TASK DATA »
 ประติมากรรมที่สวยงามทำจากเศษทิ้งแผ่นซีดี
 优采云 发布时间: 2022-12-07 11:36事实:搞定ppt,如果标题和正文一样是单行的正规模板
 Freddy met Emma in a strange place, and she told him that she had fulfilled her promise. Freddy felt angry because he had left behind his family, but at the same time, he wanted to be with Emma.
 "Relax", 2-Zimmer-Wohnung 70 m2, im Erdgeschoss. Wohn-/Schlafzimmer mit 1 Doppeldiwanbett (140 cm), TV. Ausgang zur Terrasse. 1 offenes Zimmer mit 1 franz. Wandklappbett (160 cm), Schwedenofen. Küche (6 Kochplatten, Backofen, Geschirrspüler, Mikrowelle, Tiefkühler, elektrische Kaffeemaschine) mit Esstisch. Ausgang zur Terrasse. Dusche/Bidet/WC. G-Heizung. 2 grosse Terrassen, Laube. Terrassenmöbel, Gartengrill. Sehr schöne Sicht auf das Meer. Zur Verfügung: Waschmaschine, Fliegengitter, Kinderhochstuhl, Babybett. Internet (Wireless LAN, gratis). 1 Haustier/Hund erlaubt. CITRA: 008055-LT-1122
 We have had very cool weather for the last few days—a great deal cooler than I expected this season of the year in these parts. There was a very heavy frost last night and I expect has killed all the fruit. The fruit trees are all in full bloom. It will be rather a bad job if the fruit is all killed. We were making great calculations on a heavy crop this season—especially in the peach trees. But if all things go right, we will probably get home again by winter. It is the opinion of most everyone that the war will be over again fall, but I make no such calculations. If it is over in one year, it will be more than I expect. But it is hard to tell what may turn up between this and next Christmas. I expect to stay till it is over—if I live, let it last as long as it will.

ACTIVITY » Only the lines from the one holding "erlaubt. CITRA: 008055-LT-1122" to the end of the entries above belong in the answer, each copied exactly.

ANSWER TO THIS EXERCISE »
 "Relax", 2-Zimmer-Wohnung 70 m2, im Erdgeschoss. Wohn-/Schlafzimmer mit 1 Doppeldiwanbett (140 cm), TV. Ausgang zur Terrasse. 1 offenes Zimmer mit 1 franz. Wandklappbett (160 cm), Schwedenofen. Küche (6 Kochplatten, Backofen, Geschirrspüler, Mikrowelle, Tiefkühler, elektrische Kaffeemaschine) mit Esstisch. Ausgang zur Terrasse. Dusche/Bidet/WC. G-Heizung. 2 grosse Terrassen, Laube. Terrassenmöbel, Gartengrill. Sehr schöne Sicht auf das Meer. Zur Verfügung: Waschmaschine, Fliegengitter, Kinderhochstuhl, Babybett. Internet (Wireless LAN, gratis). 1 Haustier/Hund erlaubt. CITRA: 008055-LT-1122
 We have had very cool weather for the last few days—a great deal cooler than I expected this season of the year in these parts. There was a very heavy frost last night and I expect has killed all the fruit. The fruit trees are all in full bloom. It will be rather a bad job if the fruit is all killed. We were making great calculations on a heavy crop this season—especially in the peach trees. But if all things go right, we will probably get home again by winter. It is the opinion of most everyone that the war will be over again fall, but I make no such calculations. If it is over in one year, it will be more than I expect. But it is hard to tell what may turn up between this and next Christmas. I expect to stay till it is over—if I live, let it last as long as it will.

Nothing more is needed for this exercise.